Yang Yang, Chen Mengqi, Liu Congrui, Vihinen Mauno
Computing Science and Artificial Intelligence College, Suzhou City University, Suzhou 215004, China.
School of Computer Science and Technology, Soochow University, Suzhou 215006, China.
Int J Mol Sci. 2025 Jun 11;26(12):5604. doi: 10.3390/ijms26125604.

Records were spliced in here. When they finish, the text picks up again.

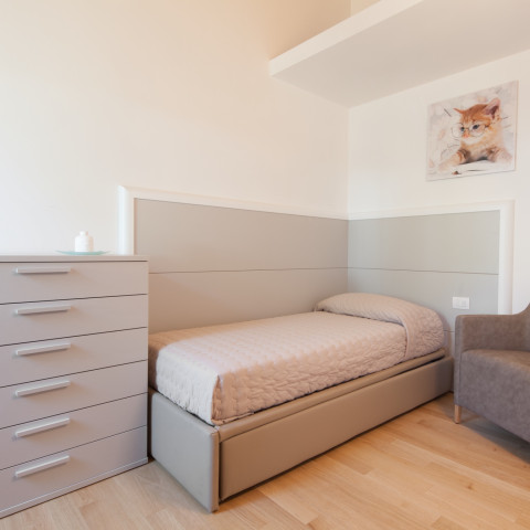 - Ca' della Quercia, un appartamento di 73 m², capace di accogliere da 4 a 6 persone, al 1° piano del residence. Approfitta del suo ampio soggiorno con cucina completamente attrezzata e del balcone con zona pranzo e relax e vista sulla campagna circostante. Per notti di sonno corroboranti, l’appartamento dispone di una camera matrimoniale, una camera con letto singolo a scomparsa e un divano letto nel soggiorno.
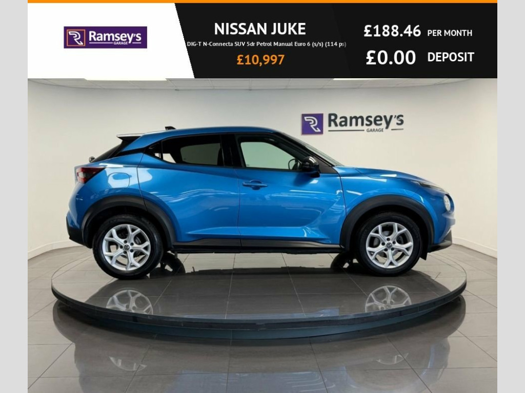 Nissan Juke 1.0 DIG-T N-Connecta SUV 5dr | Petrol | Manual | 114 PS | Euro 6 (s/s) | ULEZ Compliant Engine: 1.0L DIG-T Turbocharged Petrol Power: 114 PS Transmission: 6-Speed Manual Fuel Type: Petrol Emissions Standard: Euro 6 (s/s) – ULEZ Compliant Drive Type: Front-Wheel Drive The Nissan Juke N-Connecta combines bold SUV styling with cutting-edge technology and practical performance. With its compact footprint, spacious interior, and efficient engine, it's perfect for both urban driving and longer journeys. Key Features: 8-inch touchscreen with NissanConnect infotainment Apple CarPlay & Android Auto Reverse camera Front and rear parking sensors Navigation system Keyless entry and push-button start Cruise control with speed limiter Lane departure warning and lane keep assist Climate control 17-inch alloy wheels Electrically adjustable and heated door mirrors DAB radio, Bluetooth, USB connectivity ISOFIX child seat mounts Euro 6 – ULEZ compliant Vehicle Details: Registration: YA21GTM Year: 2021 Mileage: 51859 Colour: BLUE Location: CO. DURHAM. ONLY 5 MINS FROM THE A1 Before any car leaves our showroom, it's thoroughly inspected, serviced, and tested by our expert technicians. We check all major systems, replace worn parts, and carry out a final road test to ensure reliability and safety. Each vehicle is then professionally cleaned and detailed, with all paperwork and history verified. All of our vehicles are delivered with a 12 17in Alloy Wheels, 2 x Cup Holder on Centre Console, 3 Adjustable Rear Head Restraints, 60-40 Split Rear Folding Seats, 7in Full Colour TFT Screen Combimeter, ABS with EBD and Brake Assist, Active Ride Control, Active Trace Control, Android Auto and Apple CarPlay, Auto Dimming Rear View Mirror, Automatic Air Conditioning, Automatic Hazard Signal and Emergency St, Body Coloured Handles, Cabin Light Front and Rear, Chrome Interior Door Handles, Cruise Control, DAB Radio, Drive Modes - Sport-Normal-Eco, Driver and Passenger Sun Visor with Vani, Driver-Passenger-Side and Curtain Airbag, Electric Heated Auto-Folding Door Mirror, Electric Parking Brake with Auto Hold Fu, Emergency and Breakdown Ca
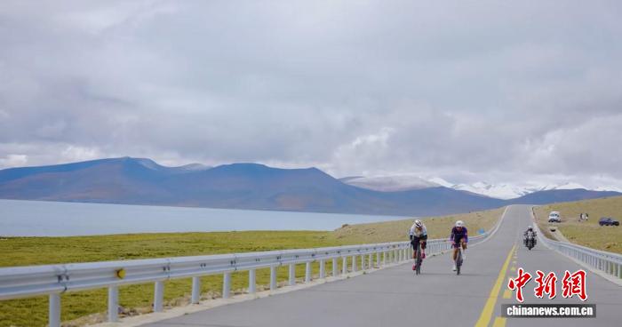 圖為9月7日,參賽選手在海拔超過(guò)5000米的西藏普莫雍措湖畔騎行。(浪卡子縣融媒體中心供圖)
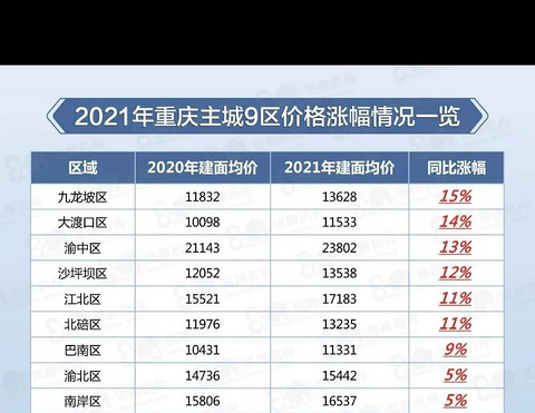 2021年重庆主城各区房价涨幅出炉,最高涨幅15%!
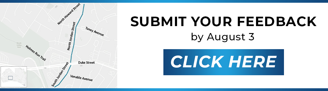 The City's Complete Streets Five-Year Work Plan includes a project to improve traffic safety on South Jordan Street in response to neighborhood concerns. Upon review of crash history and other safety data along North Jordan Street, the City expanded the scope of the traffic safety project to include all of Jordan Street between the Holmes Run Trail to North Howard Street.
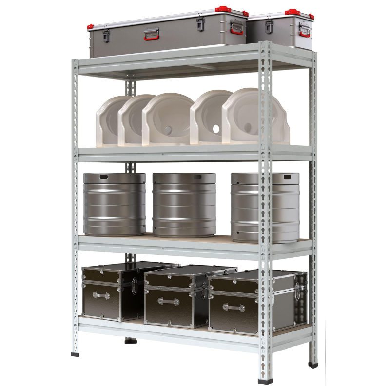 Стеллаж МС-Т 18764-2.0 - это стеллаж с 4 полками. Усиленные металлические складские стеллажи серии Титан МС-Т предназначены для хранения различных грузов. Стеллажи состоят из стоек, продольных и боковых балок. Настилом для стеллажа служат листы фанеры. Балки металлического стеллажа крепятся к стойкам при помощи двух замков с зацепом и надежно фиксируют стойки в вертикальном положении. Конструкция складского стеллажа позволяет изменять положение полок без демонтажа всего стеллажа. Стандартная комплектация стеллажа серии МС-Т 4 полки (стойка - 4 штуки, балка - 16 штук, фанера - 4 штуки). Покрытие порошковое полимерное RAL 7035, цвет светло-серый. Шаг перестановки полок по высоте через 50 мм. Настил из обработанной фанеры толщиной 10 мм. Легкий монтаж и демонтаж, отсутствие болтовых соединений, соединение на зацепах типа замок. Допустимая равномерно распределенная нагрузка на полку до 300 кг. Допустимая нагрузка на секцию до 2100 кг. Поставляется в разобранном виде и без внутреннего наполнения, изображенного на рисунке. Вес стеллажа - 47,1 кг. При использовании стеллажа с нагрузками превышающими 1500 кг на секцию обязательна установка поперечных стяжек на каждую полку. Приобретаются отдельно. Законодательные и технические документы. Дополнительные элементы (разделители, ограничители), а также папки в комплект стеллажа не входят и заказываются отдельно.<!--noindex-->Изображения товаров на сайте не могут гарантировать точную цветопередачу.<!--/noindex-->
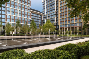 Во дворе многофункционального комплекса Око разбит прекрасный ландшафтный парк, органично дополняющий окружающее пространство. В приоритете приватность обитателей дома – жилая часть полностью изолирована от бизнес-центра.
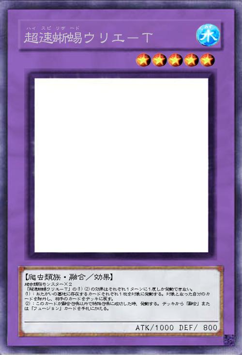 爬虫類族モンスター×2 「超速蜥蜴ウリエ-T」の(1)(2)の効果はそれぞれ1ターンに1度しか発動できない。 (1):おたがいの墓地に存在するカードそれぞれ1枚を対象に発動する。対象となった自分のカードを除外し、相手のカードをデッキに戻す。 (2):このカードが融合召喚以外で特殊召喚に成功した時、発動する。デッキから「融合」または「フュージョン」カードを手札に加える。 |
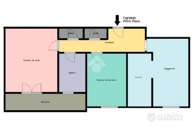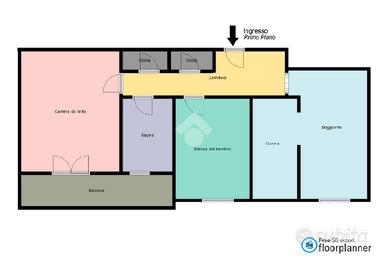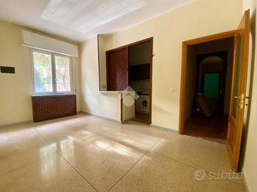Cucina con tinello, camera singola, bagno finestrato con vasca, camera matrimoniale e due utili dispense.
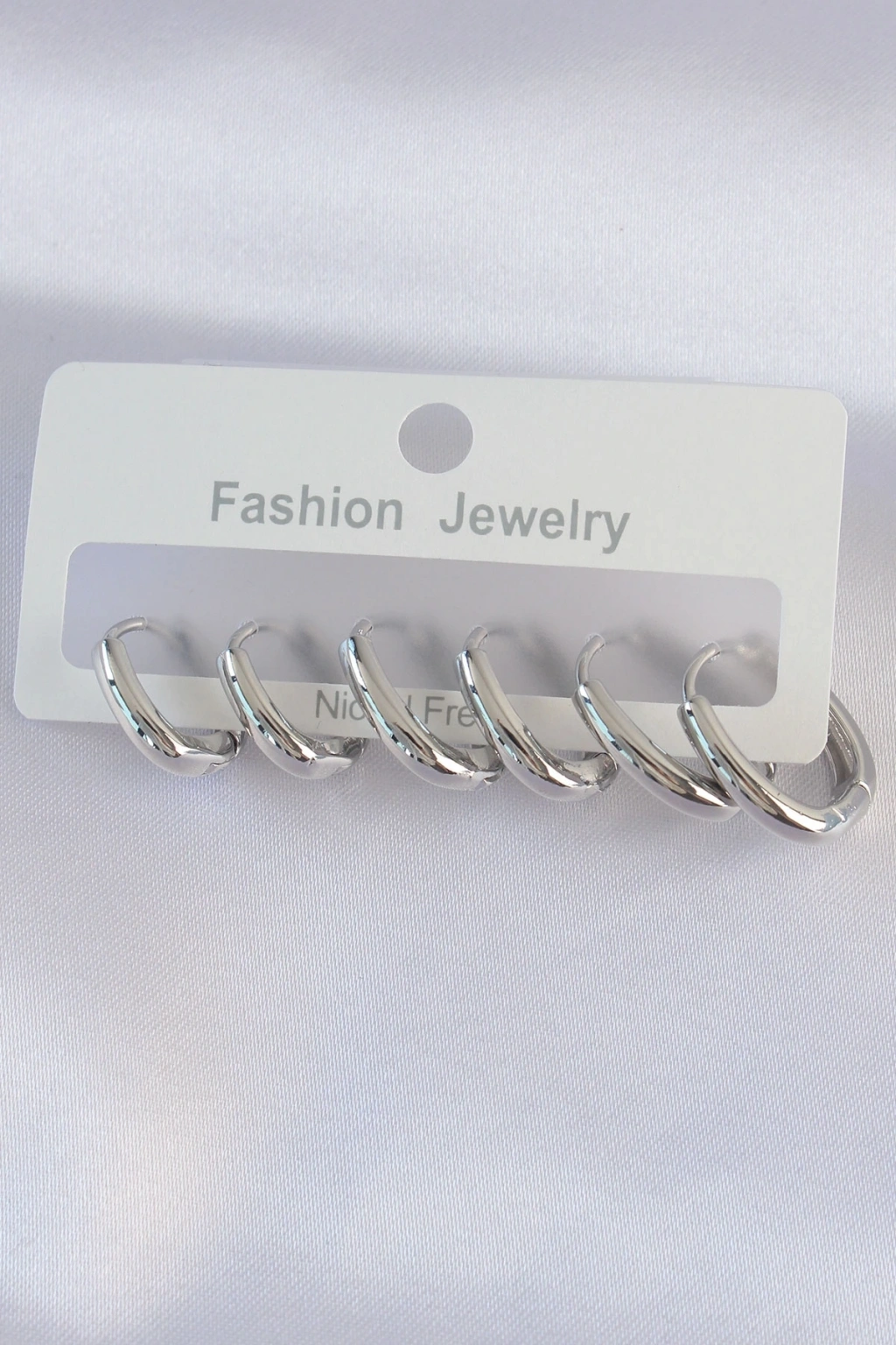 Pirinç Gümüş Renk Oval Küpe Seti
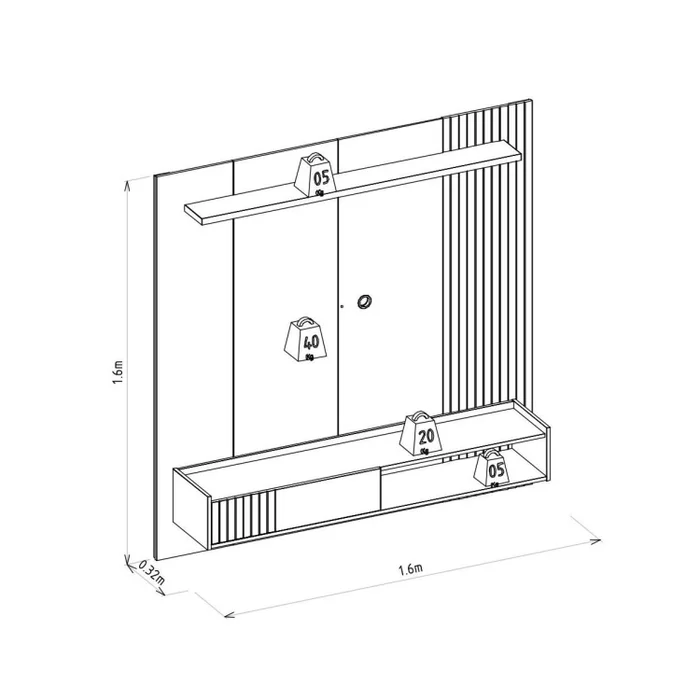 Possui uma porta basculante e suporta TV de até 65′ polegadas
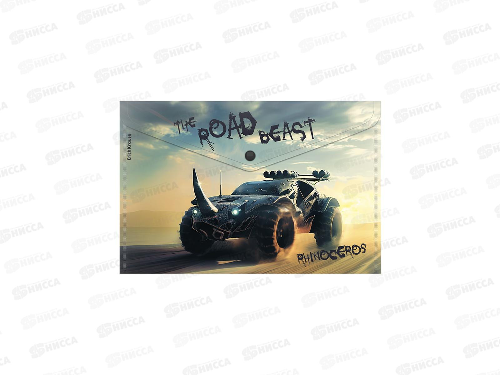 Папка-конверт пл. на кнопке EK Road Beast А4, асс. 63510 *12

When globular proteins fold into their characteristic three-dimensional structures, some amino acids are located on the surface, while others are situated in the protein core, where they cannot interact with molecules in the environment. Predicting the degree of solubility of amino acids provides insight into the function and relevance of residues. Residue accessibility is crucial for several protein functions, including enzymatic activity, allostery, multimer formation, binding to other molecules, and immunogenicity. We developed a novel sequence-based predictor for amino acid accessibility with features derived from three-dimensional protein structures. Several machine learning algorithms were tested, and the long short-term memory (LSTM) deep learning method demonstrated the best performance; thus, it was utilized to develop the freely available SolAcc tool. It showed superior performance compared to state-of-the-art predictors in a blind test.
当球状蛋白质折叠成其特有的三维结构时,一些氨基酸位于表面,而另一些则位于蛋白质核心,在那里它们无法与环境中的分子相互作用。预测氨基酸的溶解度程度有助于深入了解残基的功能和相关性。残基可及性对于多种蛋白质功能至关重要,包括酶活性、别构效应、多聚体形成、与其他分子的结合以及免疫原性。我们开发了一种基于序列的新型氨基酸可及性预测器,其特征源自三维蛋白质结构。测试了几种机器学习算法,长短期记忆(LSTM)深度学习方法表现最佳;因此,利用该方法开发了免费可用的SolAcc工具。在盲测中,它比现有最佳预测器表现更优。